Чтобы лучше понять, как взаимодействуют между собой сила и хитрость, планы и просчеты, проследим за двумя братьями, конфликтующими между собой, — за Посейдоном и Зевсом. Во время Троянской войны царь богов либо сам отвлекается, либо его нарочно отвлекают от наблюдения за ходом сражения. Еще один миг, и план Громовержца будет расстроен. Гера заманила своего супруга в западню любовной неги. Сон сомкнул его веки. Стало быть, его брат, Посейдон, властелин моря, получил свободу действий по своему усмотрению управлять битвой. Он теперь может повести армию смертных, данайцев, против армии троянцев в схватку, не похожую ни на какую другую. Размахивая страшным мечом, бог, подобно молнии, ринулся в первых рядах против Гектора и его богатырей. Вскоре благодаря олимпийцу ход битвы изменился в пользу греков. Охваченные страхом, троянцы обращаются в бегство. Но Зевс внезапно просыпается. Он открывает глаза, видит картину сражения, которое ведет его брат, а рядом с ним — свою жену. Ход войны обращен в противоположную сторону. Замыслен заговор с целью расстроить планы и бросить вызов власти Зевса.

Гнев и ярость обрушиваются на коварную супругу. Повелитель олимпийцев грозится нанести удар, напоминая о прежних наказаниях. Но Гера защищается, она говорит неправду, дает ложную клятву в том, что она ничего не знала о «подвигах» Посейдона. Посейдона толкнул на это его собственный thumos. Богиня остерегается говорить о собственном thumos, о своем сердце, которого опасается Зевс, которое Посейдон наполнил радостью и благодаря которому она подготовила весь свой план обольщения. Резко меняя свое видение событий, напоминающее настоящее предательство, союзница Посейдона объявляет, что она готова отговорить бога морей от войны, и без колебаний встает на сторону Зевса. И Зевсу снова снится, что его жена была именно такой, что она всегда находилась с ним в полном согласии, когда они вместе восседали в собрании олимпийцев. Воля Посейдона должна разбиться о такую солидарность сердец.
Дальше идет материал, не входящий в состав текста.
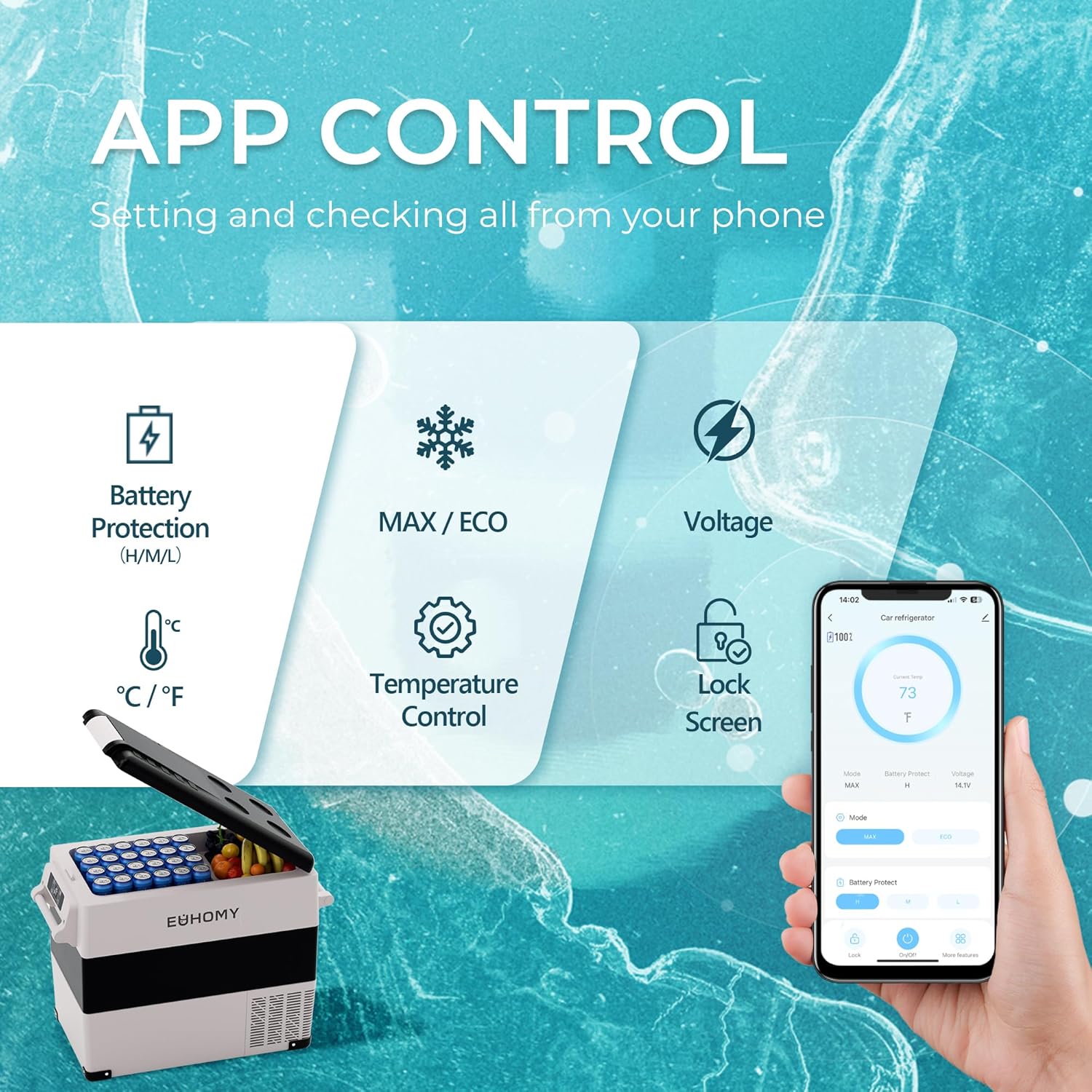 EUHOMY 12 Volt Refrigerator, 59QT(55L) Electric Cooler, 12V Fridge APP Control, 12V Cooler -4℉~68℉, Portable Freezer 12/24V DC 110-240V AC for Camping, Travel, Truck, Home

Однако Зевс высказывает недоверие. «Если ты говоришь так искренне и честно, шествуй немедля к семейству богов», — велит он ей, как если бы он и впрямь сам не мог обнаружить лжи, как если бы его способность понимать натолкнулась бы на полную невразумительность сказанных ему слов. Как Гера вынуждена нападать на Зевса, чтобы выведать планы касательно Фетиды, так и сам Громовержец утрачивает всякую проницательность: он не в силах самостоятельно выявить недосказанность. Боги не могут разгадать определенные намерения друг друга. Точно так же они не замечают присутствия одного из своих, если тот пожелал остаться невидимым. Зевс сомкнул веки, он во власти сна, который мешает ему ощутимо видеть Посейдона. И в тот момент, когда он собирается спрятаться с Герой в золотом облаке, которое защитило бы его от глаз всех богов, именно от него прячут важную персону — его родного брата.
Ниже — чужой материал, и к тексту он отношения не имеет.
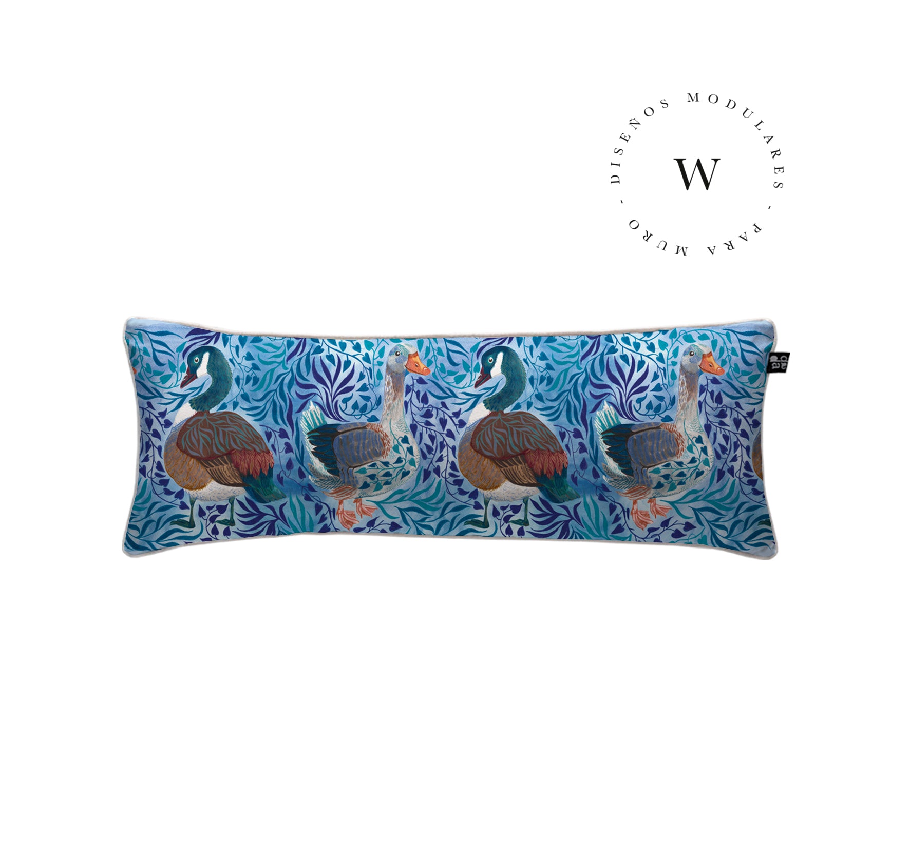 3. Cojín 70 x 35 cm: Diseño por ambos lados, con cordón perimetral, cierre invisible, relleno algodón sintético removible.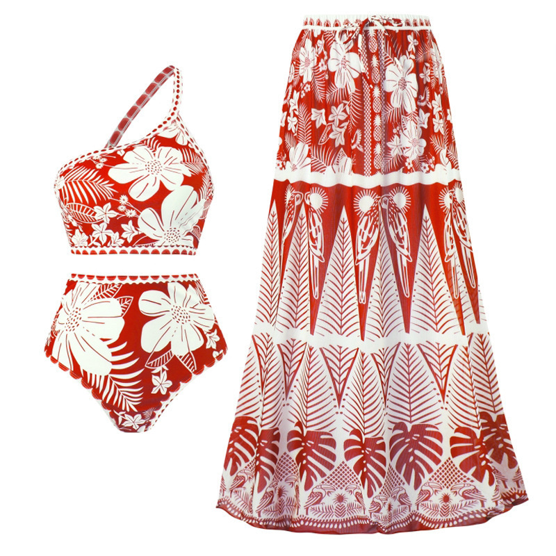 2024 새로운 빈티지 어깨 튜브 탑 분할 수영복 아마존 섹시한 메쉬 선 스크린 비치 원피스 세트 여성

А Гера и не собиралась быть искренней: отвергнув Посейдона, она подчиняется Зевсу из-за страха, настойчиво упорствуя в своей досаде. Что она думает на самом деле о Зевсе — об этом она поведает Фетиде, когда боги соберутся на Олимпе: «Знаешь сама, каково его сердце надменно и злобно» (Илиада, XV, 94). И на протяжении всего пиршества в этот день богиня будет улыбаться устами, но чело ее останется печальным. Подчинившись на какое-то время, она поможет выполнить обещания Зевса: Посейдон образумится и покинет поле битвы. Но Гера не откажется от исполнения собственного желания.
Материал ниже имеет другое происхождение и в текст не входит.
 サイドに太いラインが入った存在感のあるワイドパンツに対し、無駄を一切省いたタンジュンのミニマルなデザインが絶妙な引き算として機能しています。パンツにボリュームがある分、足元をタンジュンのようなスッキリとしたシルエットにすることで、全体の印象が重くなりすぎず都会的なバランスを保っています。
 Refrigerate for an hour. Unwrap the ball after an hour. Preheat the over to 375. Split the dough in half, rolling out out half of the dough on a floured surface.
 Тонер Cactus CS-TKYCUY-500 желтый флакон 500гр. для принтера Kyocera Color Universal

Посейдон — почти героический бог. Из-за своей неудержимой и чистосердечной натуры он слывет плохим дипломатом. На собрании, где боги должны определить линию поведения в отношении известных обвинений философов, он позволит себе сказать, что их речи «пахнут тунцом», настолько он горяч и прямолинеен, когда речь заходит о защите чести олимпийского рода. Находясь в состоянии вражды с Аполлоном, он готов к битве, между тем как его племянник, смотрящий трезво на все происходящее, напоминает ему, что богам бессмысленно затевать между собой войну ради людей. Таким образом, Посейдон оказывается единственным, кто навлекает на себя гнев старшего брата, желая помочь грекам. Он также является единственным богом, который определенно ставит под сомнение законность деспотизма старшего брата. Гера обвиняет Зевса в надменности. Афина выступает против произвола его намерений. Арес вызывает у него раздражение, но все боги, от Аполлона до Гермеса, и все богини не смеют ослушаться своего отца и мужа. Зевс заставляет признавать себя, всегда обосновывая необходимость своего могущества, угрожая вновь представить доказательства своей силы. Остальные боги, трепеща и прикидывая, как дорого им обойдется их смелость, подчиняются, брюзжа, но не затевая дискуссий. А Посейдон, наоборот, вступает в спор.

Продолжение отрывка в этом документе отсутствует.